Lukisan cat minyak di atas kanvas ukuran 200 X 200 cm bertarikh 2010 tersebut,
memperlihatkan pola atau tata-susun piktoral primitif, gambaran rumah-rumah
serta benda-benda lain tampak tanpa perspektif, tanpa dimensi keruangan dari
cara pandang yang berasal dari satu titik pusat pandang; melainkan bertumpuk,
rasa dimensi dan keruangan dihadirkan dengan cara pola susun dari bawah ke
atas, rumah-rumah atau benda-benda jauh sama dekatnya dengan rumah-rumah atau
benda-benda yang lebih dekat ke jarak si penglihat atau pun pelukisnya. Tapi
ajaibnya, efek pengolahan bidang dari tumpukan tersebut, penghadiran hal-hal
yang bersifat ornamentik, munculnya elemen garis-garis vertikal hitam putih,
serta perwarnaannya sungguh mengesankan teknik perupaan yang sangat modern.
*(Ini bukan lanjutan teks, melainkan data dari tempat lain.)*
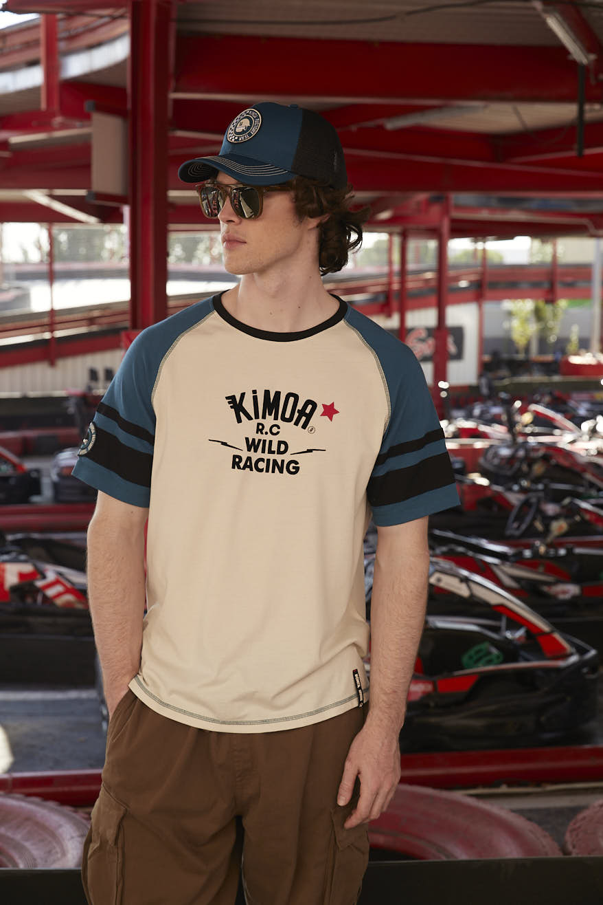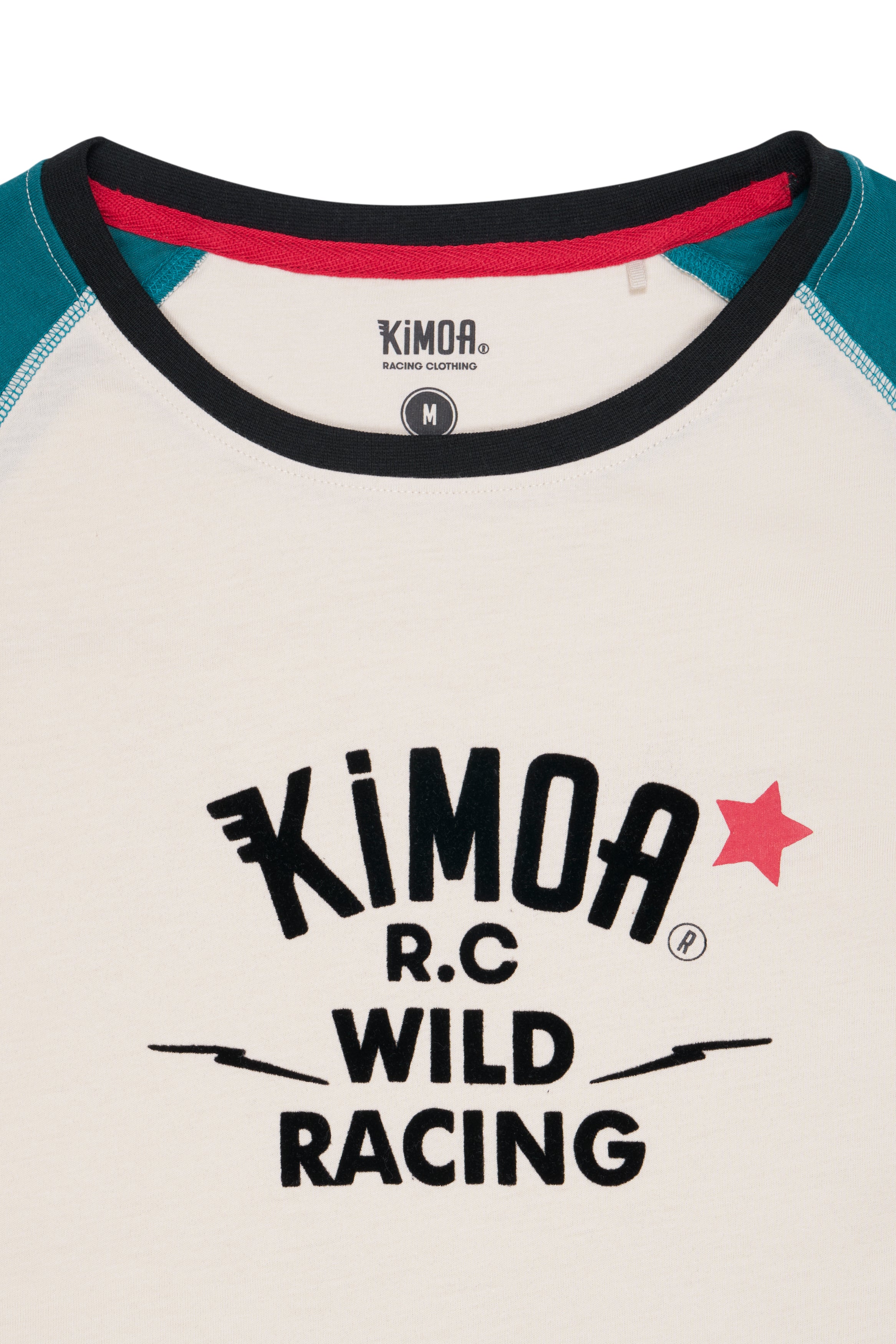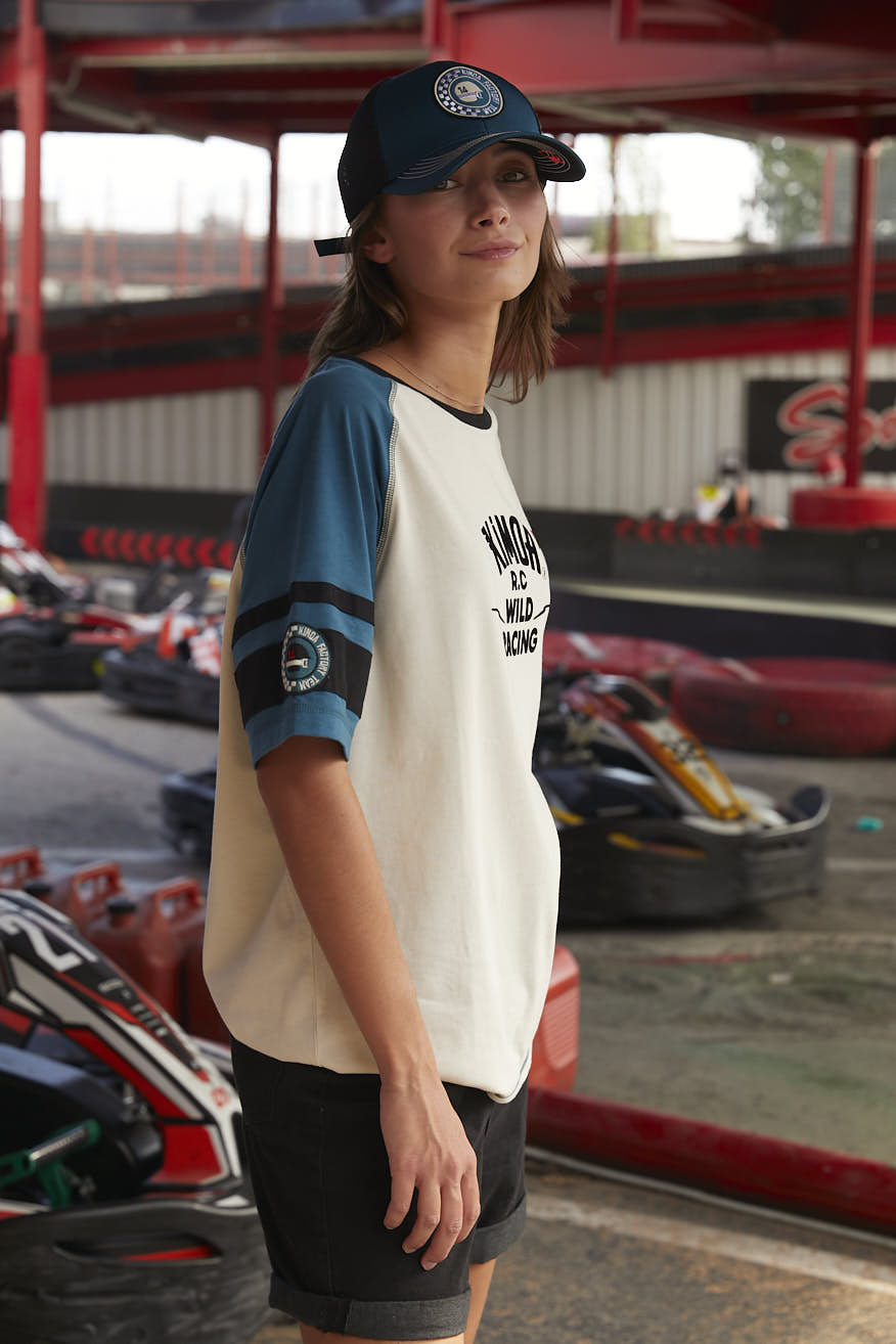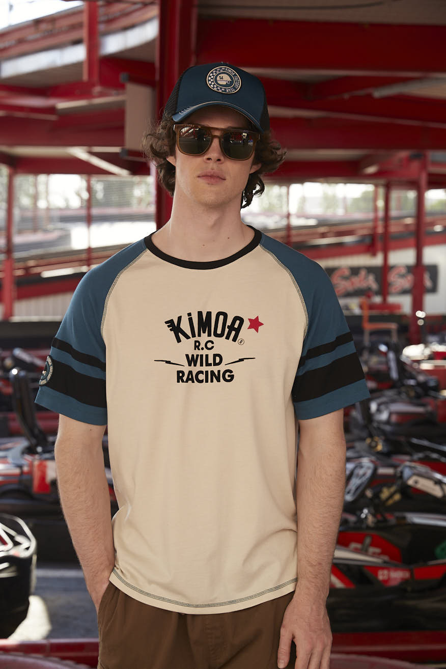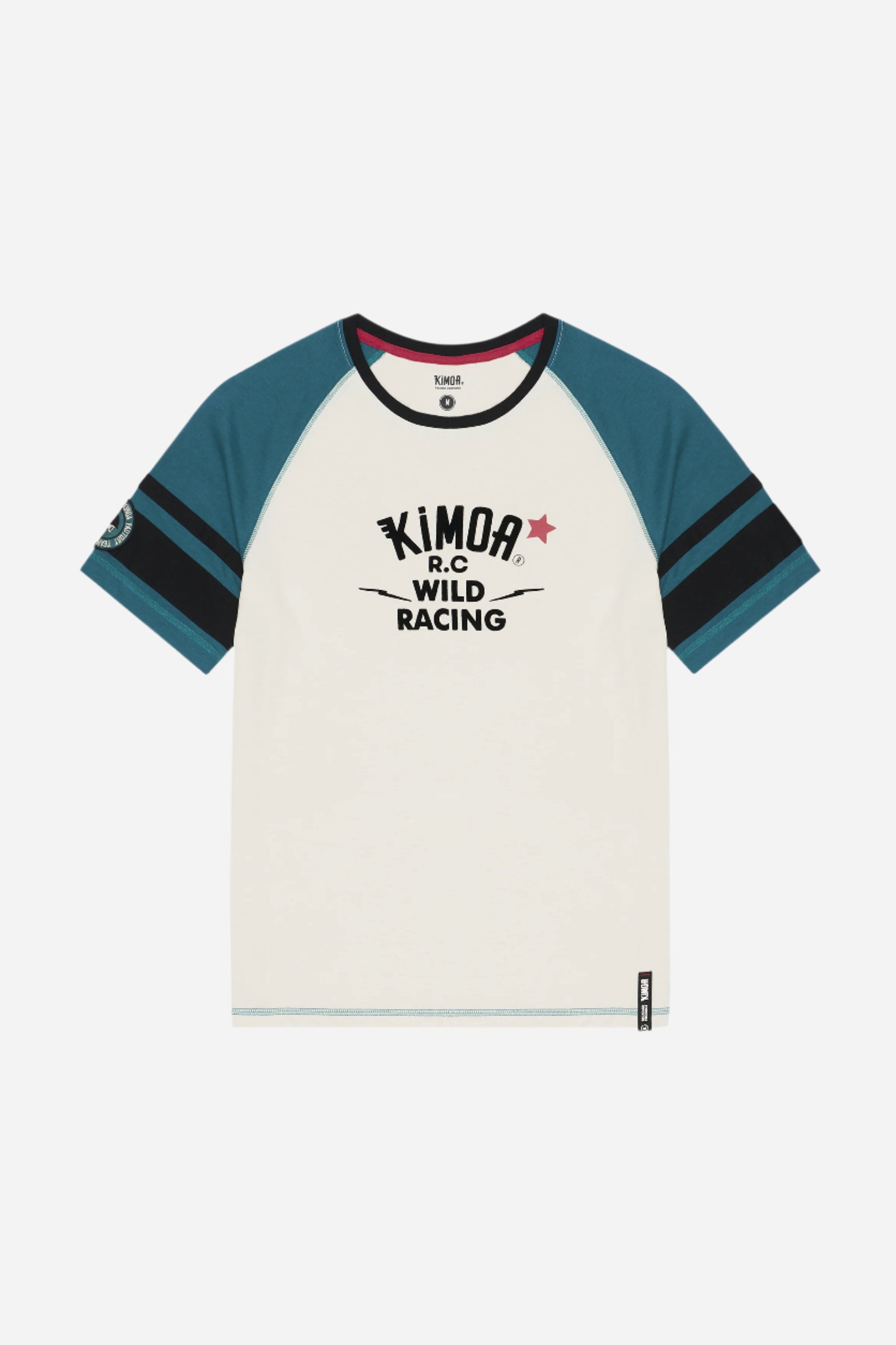 xCamiseta Thunder Racing color blanco roto en material reciclado. Mangas de color azul océano intenso con rayas tejidas en negro. Estampado aterciopelado en el pecho Kimoa Wild Racing en color negro. Detalles del estampado interior del cuello en cinta de algodón negra en contraste color rojo cereza. Etiqueta de fieltro negra con logo engomado en la cintura con la frase “Kimoa reciclaje producto” en color blanco roto.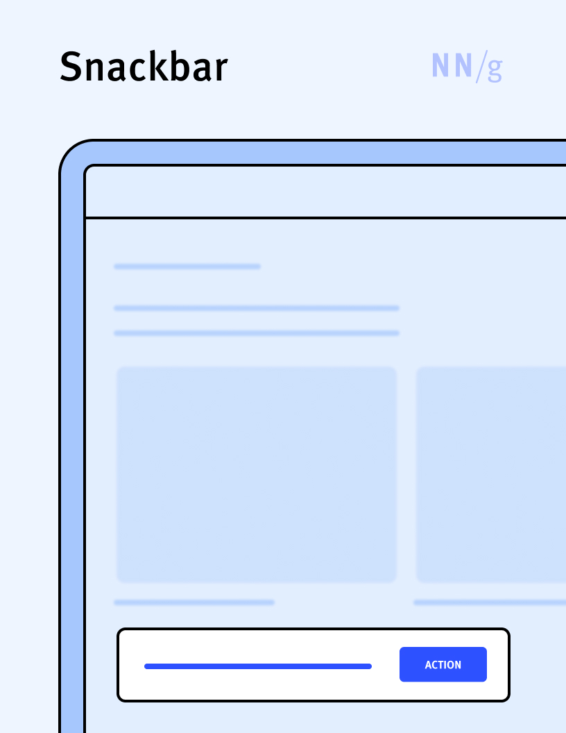 A transient nonmodal dialog that usually informs the user about the status of a process and that disappears automatically after a brief amount of time, without requiring user interaction. Often, snackbars are used to confirm the completion of a process (such as the deletion of a file). Some snackbars may include a button that allows the user to perform an action such as undo.
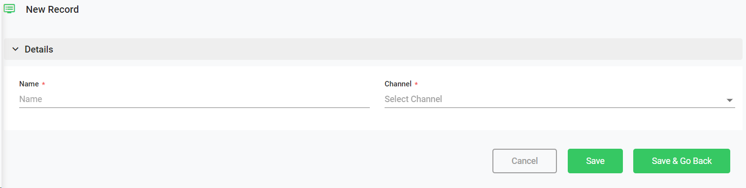 To cancel the operation, click "Cancel". To save the changes and keep in the creation form, click "Save". To save the changes and go back to the previous list, click "Save & Go Back".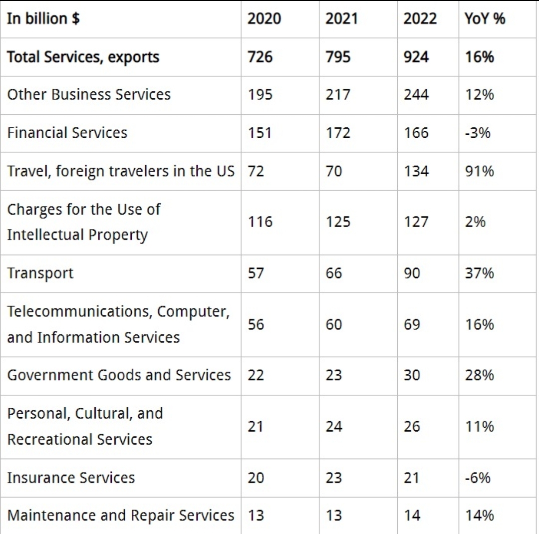 The top four categories account for 73% of services exports. Travel (#3) jumped by 91% year-over-year, as travel restrictions were lifted. This is spending by foreign travelers in the US, and includes travel for personal, health-related, and educational purposes; business travel; and for seasonal/short-term work.

Bahkan
visi thematiknya mencerminkan persoalan kekinian (kontemporer), dunia urban yang
telah padat, sesak, dan manusia-manusianya berebut udara karena langit telah
dipenuhi asap-asap pengap.
Dalam waktu tidak terlalu berjauhan, Rahmat Jabaril
bersama istrinya, Ika Ismurdyahwati, berpameran bersama dengan tajuk
“Perkawinan” di Babakan Siliwangi, Bandung. Bukan saja ‘kaget’ oleh perubahan
besar Jabaril yang biasanya mengungkap thema-thema luaran dengan isu-isu sosial
tapi kini ia/mereka ‘melihat’ kehidupan dari dalam atau dari kehidupannya
terdekat, tapi juga orientasi karya lukisnya yang mengalami perubahan besar. Lukisan-lukisan
Rahmat yang biasanya cenderung berteriak atau tepatnya mengerang dengan
sejumlah figur-figur yang mengalami pembesaran dan keras, kini figur-figur itu
tampil tersusun kecil-kecil di dalam pola-pola yang sebagian besarnya
mengimpresikan lingkaran. Dengan ditampilkan tanpa warna, hitam – putih,
kecuali sedikit percikan atau coretan merah, kebentukannya pun menjadi terasa
masif, suwung ketimbang ekstrovert
seperti sebelumnya. Yang tetap adalah kejujurannya, tidak ada pretensi
berindah-indah, semua dibiarkan hadir apa adanya. Maka jika di sana ada protes
seperti yang biasanya dilakukan oleh Jabaril melalui sejumlah demonstrasi atau
pun karya-karya sebelumnya, maka protesnya kini menjadi semacam protes ‘nyanyi
sunyi,’ diam tapi berpusar, menjadi tidak hanya berefek sosial tapi juga
transendental; seperti halnya kalau tarawangsa
atau sekadar jaleuleu ja dimainkan.
Kedua fenomena dari dua pelukis di atas, hemat
penulis, adalah cara liyan seniman
kontemporer kita yang tidak tergusur oleh isu-isu besar di luar dirinya
melainkan beranjak dari dirinya sendiri, lantas menyelesaikannya ke dalam
bentuk karya dengan caranya masing-masing.
Hal liyan tersebut
berbeda dengan sejawatnya yang cenderung bernafsu menjadi ahli waris kebudayaan
dunia,[1]
memakai thema dunia semisal “Hilangnya Kenyataan” (the Loss of the Real) karena memang beranjak dari kasus dunia yang
telah dimampatkan oleh teknologi informasi;[2]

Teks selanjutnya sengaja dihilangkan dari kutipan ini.